7 Muggles have a great weakness for fairies, which feature in a variety of tales written for their children. These ―fairy tales‖ involve winged beings with distinct personalities and the ability to converse as humans (though often in a nauseatingly sentimental fashion). Fairies, as envisaged by the Muggle, inhabit tiny dwellings fashioned out of flower petals, hollowed-out toadstools, and similar. They are often depicted as carrying wands. Of all magical beasts the fairy might be said to have received the best Muggle press.

Como as notas anteriores de FB, a nota seguinte também tem traços de humor:

8 For a fascinating examination of this fortunate tendency of Muggles, the reader might like to consult The Philosophy of the Mundane: Why the Muggles Prefer

Not to Know, Professor Mordicus Egg (Dust & Mildewe, 1963).

Ao mesmo tempo em que há indicações de detalhes do mundo ficcional, há um elemento de sátira em relação ao comportamento humano não-bruxo na nota anterior. Os trouxas preferem ignorar aquilo que os assustam ou não entendem, como a magia.

Em TB, após a introdução da autora, consta a seguinte nota sobre as notas de rodapé: A Note on the Footnotes

Professor Dumbledore appears to have been writing for a wizarding audience, so I have occasionally inserted an explanation of a term or fact that might need clarification for Muggle readers. JKR

Consideramos essa nota como uma indicação do cenário comunicativo em que a obra se insere. Uma vez que Dumbledore estaria escrevendo para o público bruxo, há a necessidade de que a autora esclareça certos termos e fatos para o público não-bruxo. Em outras palavras, assume-se que o leitor não-bruxo não tem familiaridade com a terminologia que constitui o universo de discurso bruxo, surgindo a necessidade de explicações. Tais

explicações, em grande medida, são feitas em enunciados definitórios, apresentados a seguir, que particularizam e circunscrevem termos como Squib, warlock, wizard, Necromancy, Inferi dentro do domínio semântico-conceptual ativado no universo de discurso de Harry Potter:

2 [A Squib is a person born to magical parents, but who has no magical powers. Such an occurrence is rare. Muggle-born witches and wizards are much more common. JKR]

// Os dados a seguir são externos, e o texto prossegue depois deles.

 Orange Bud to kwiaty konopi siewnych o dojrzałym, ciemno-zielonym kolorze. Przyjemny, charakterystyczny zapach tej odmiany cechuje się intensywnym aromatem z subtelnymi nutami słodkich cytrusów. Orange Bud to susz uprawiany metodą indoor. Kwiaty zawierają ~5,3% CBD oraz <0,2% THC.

2 [The term ―warlock‖ is a very old one. Although it is sometimes used as interchangeable with ―wizard‖, it originally denoted one learned in duelling and all martial magic. It was also given as a title to wizards who had performed feats of bravery, rather as Muggles were sometimes knighted for acts of valour. By calling the young wizard in this story a warlock, Beedle indicates that he has already been recognised as especially skilful at offensive magic. These days wizards use ―warlock‖ in one of two ways: to describe a wizard of unusually fierce appearance, or as a title denoting particular skill or achievement. Thus, Dumbledore himself was Chief Warlock of the Wizengamot. JKR]

1 [Necromancy is the Dark Art of raising the dead. It is a branch of magic that has never worked, as this story makes clear. JKR]

4 [Inferi are corpses reanimated by Dark Magic. JKR]

Tratam-se de notas autorais assinadas com as iniciais da autora, supostamente inseridas posteriormente aos textos do Professor Dumbledore. As notas para Squib,

Necromancy e Inferi possuem elementos de definições formais simples, de acordo com

Pearson (1998). As três notas são iniciadas com o termo, que é então definido em um gênero próximo (person, Dark Art e corpses, respectivamente) e uma característica específica (born

to magical parents, but who has no magical powers; of raising the dead; reanimated by Dark Magic). As características específicas são introduzidas com o uso de particípio, preposição e

particípio, respectivamente.

A partir da análise realizada, podemos afirmar que as notas de rodapé nas três obras constituem um elemento do peritexto literário que fornece explicações pertinentes às especificidades do mundo ficcional ao qual as obras fazem referência. Enquanto discurso manifestado, as notas são marcas caracterizadoras da ficcionalidade das obras, ao chamarem atenção para termos específicos do mundo ficcional. As notas nos permitem afirmar o valor terminológico assumido por certas unidades lexicais ficcionais ao serem explicitamente definidas. Se elas são assim definidas é porque há algo de especial sobre elas, caso contrário esse fazer teria sido desnecessário.